- **Task directions**: The records that follow are to be transcribed in full, without their images.

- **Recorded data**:

· · · · ·

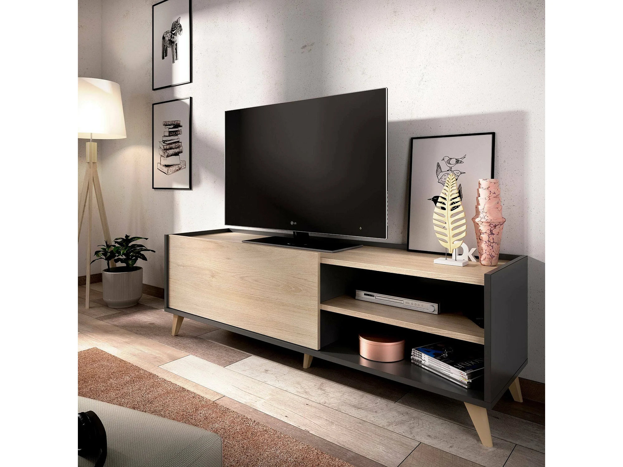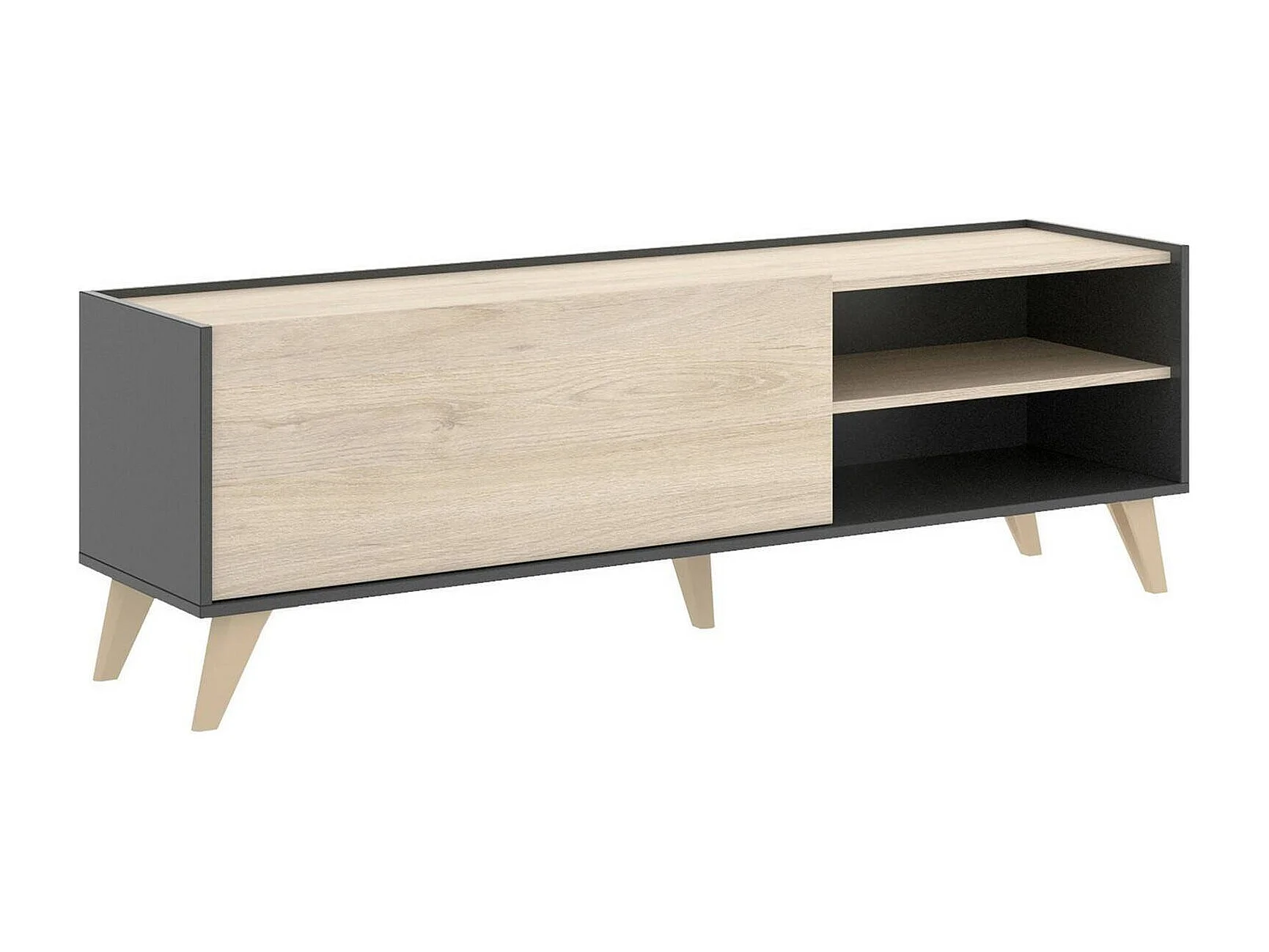 Meuble TV Asinara, Buffet bas de salon, Buffet de salon pour télévision, 155x43h47 cm, Chêne et Anthracite
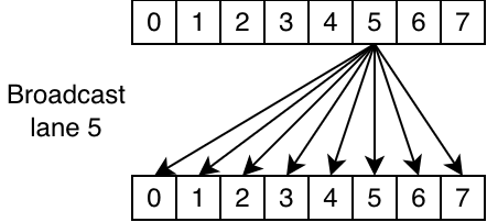 • broadcast31: broadcast the last lane of the first half to the entire second half
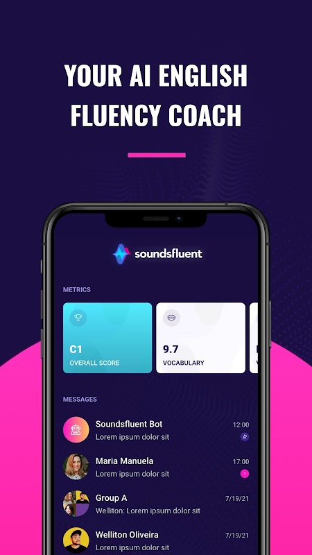 Soundsfluent is an English fluency improvement app that helps you to integrate regular speaking practice and feedback into your daily routine in a fun way, so you can gain fluency and reach your goals.
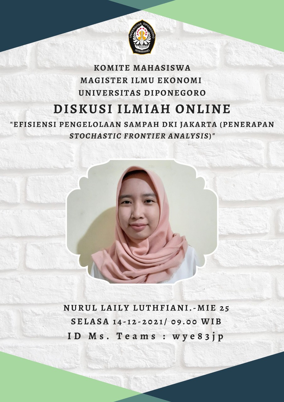 Master of Economics, Diponegoro University will hold a Scientific Discussion on Tuesday, December 14, 2021, at 09.00 WIB. The Scientific Discussion was delivered by Nurul Laily Luthfiani as a Master of Economics student batch 25 with the theme “DKI Jakarta Waste Management Efficiency (Application of Stochastic Frontier Analysis)”.
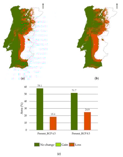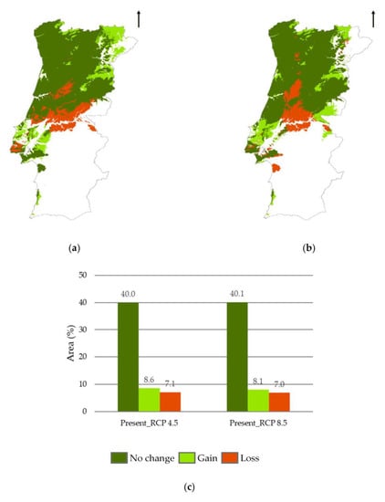 Ecological envelope—Maritime pine distribution area changes under the climate change scenarios: (a) Present to future 2070 under RCP 4.5 climate change scenario; (b) Present to future 2070 under RCP 8.5 climate change scenario; and (c) No change, gains, and losses areas (%) between present and future.
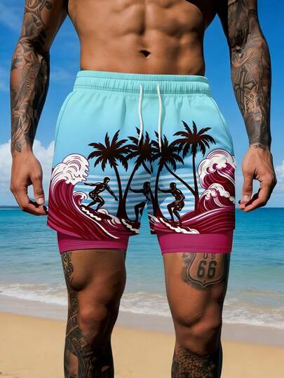 Men's Wave Print Double Layer Casual Beach Shorts - Multicolor - View 1
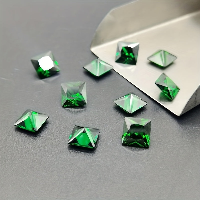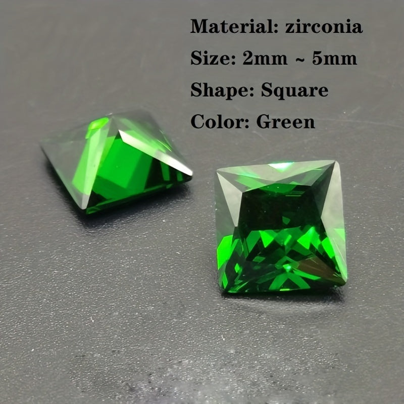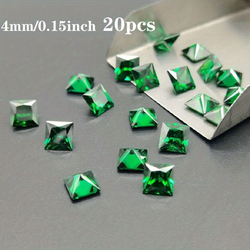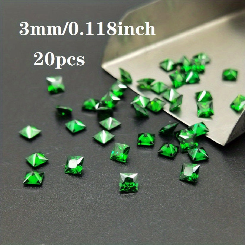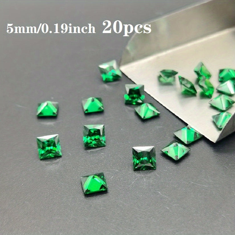 This bag contains 20 pieces of green square cut cubic zirconia crystals in 2mm and 5mm sizes, perfect for creating beautiful rings and other jewelry pieces.
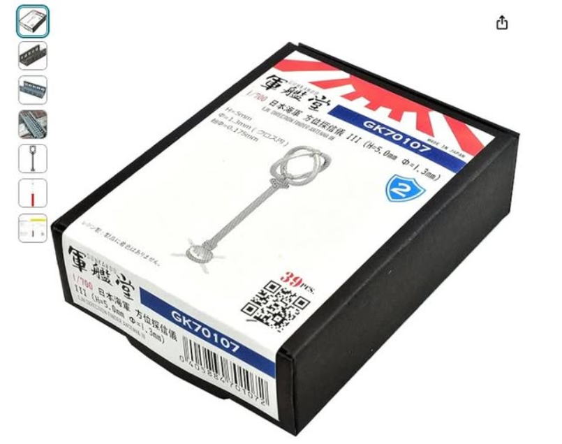 ウオーターラインシリーズ初期のキットである。その後リニューアルされて2025年現在では絶版。組み立て途中のキットと、(有)ピットロード東名が輸入販売していた、U.S.Aゴールドメダル製のエッチングパーツが箱に入っていた。
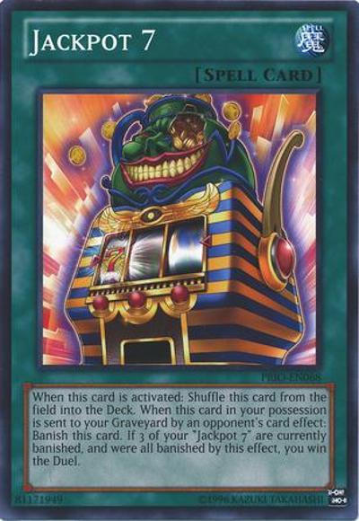 When this card is activated: Shuffle this card from the field into the Deck. When this card in your possession is sent to your Graveyard by an opponent’s card effect: Banish this card. If 3 of your ‘Jackpot 7’ are currently banished, and were all banished by this effect, you win the Duel.
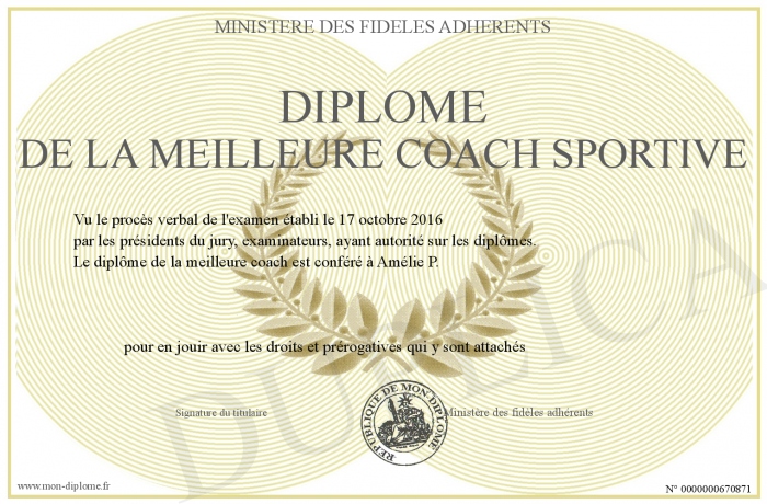 Envoyez par email votre Diplôme de la meilleure coach sportive personalisé
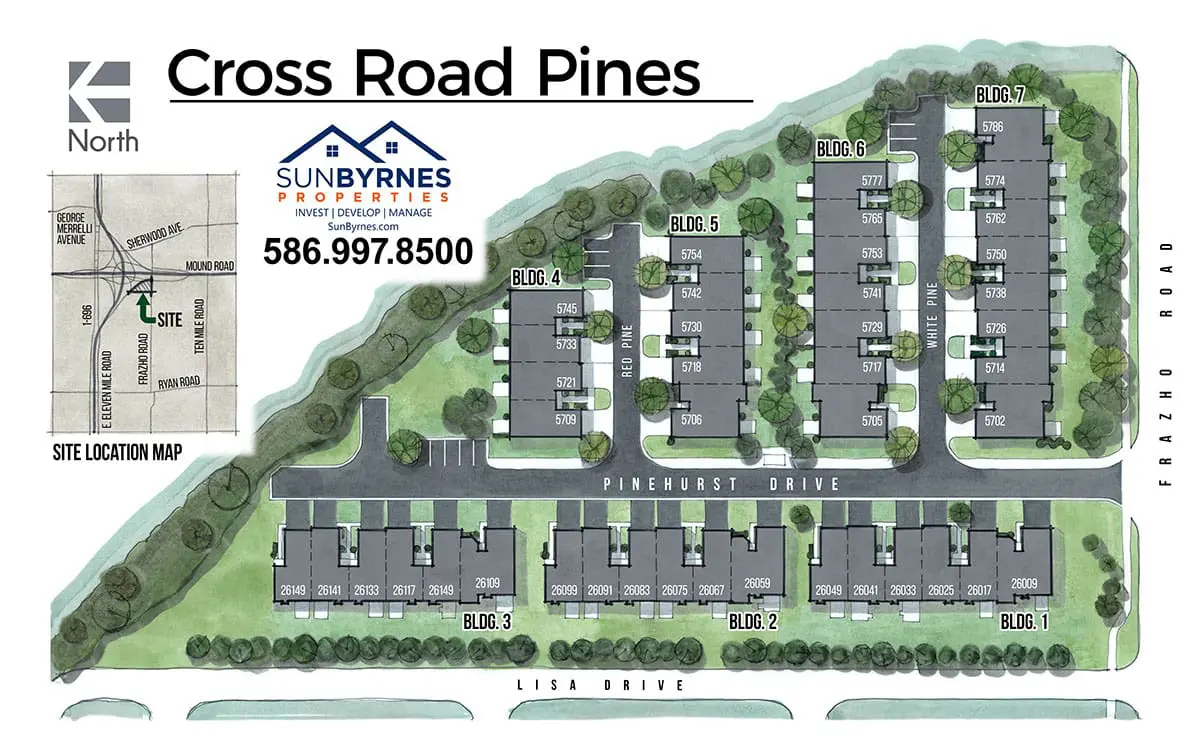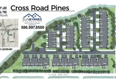 SunByrnes Properties & Construction developed and built an apartment complex at 5750 White Pine Rd. in Warren, MI. The building includes 24 units with 20 of them having 2 bedroom and 1.5 bathrooms (1,310 sq. ft. each) and the other four have 3 bedrooms and 2 bathrooms in each (1,861 sq. ft. each). The building in total is 33,644 sq. ft. and it was completed in July of 2022.
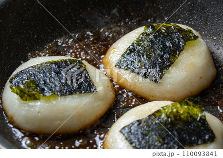 餅(丸餅)の磯辺焼き調理シーン。余った餅リメイクイメージ。

· · · · ·

- **Completed task**:
 Meuble TV Asinara, Buffet bas de salon, Buffet de salon pour télévision, 155x43h47 cm, Chêne et Anthracite
 • broadcast31: broadcast the last lane of the first half to the entire second half
 Soundsfluent is an English fluency improvement app that helps you to integrate regular speaking practice and feedback into your daily routine in a fun way, so you can gain fluency and reach your goals.
 Master of Economics, Diponegoro University will hold a Scientific Discussion on Tuesday, December 14, 2021, at 09.00 WIB. The Scientific Discussion was delivered by Nurul Laily Luthfiani as a Master of Economics student batch 25 with the theme “DKI Jakarta Waste Management Efficiency (Application of Stochastic Frontier Analysis)”.
 Ecological envelope—Maritime pine distribution area changes under the climate change scenarios: (a) Present to future 2070 under RCP 4.5 climate change scenario; (b) Present to future 2070 under RCP 8.5 climate change scenario; and (c) No change, gains, and losses areas (%) between present and future.
 Men's Wave Print Double Layer Casual Beach Shorts - Multicolor - View 1
 This bag contains 20 pieces of green square cut cubic zirconia crystals in 2mm and 5mm sizes, perfect for creating beautiful rings and other jewelry pieces.
 ウオーターラインシリーズ初期のキットである。その後リニューアルされて2025年現在では絶版。組み立て途中のキットと、(有)ピットロード東名が輸入販売していた、U.S.Aゴールドメダル製のエッチングパーツが箱に入っていた。
 When this card is activated: Shuffle this card from the field into the Deck. When this card in your possession is sent to your Graveyard by an opponent’s card effect: Banish this card. If 3 of your ‘Jackpot 7’ are currently banished, and were all banished by this effect, you win the Duel.
 Envoyez par email votre Diplôme de la meilleure coach sportive personalisé
 SunByrnes Properties & Construction developed and built an apartment complex at 5750 White Pine Rd. in Warren, MI. The building includes 24 units with 20 of them having 2 bedroom and 1.5 bathrooms (1,310 sq. ft. each) and the other four have 3 bedrooms and 2 bathrooms in each (1,861 sq. ft. each). The building in total is 33,644 sq. ft. and it was completed in July of 2022.
 餅(丸餅)の磯辺焼き調理シーン。余った餅リメイクイメージ。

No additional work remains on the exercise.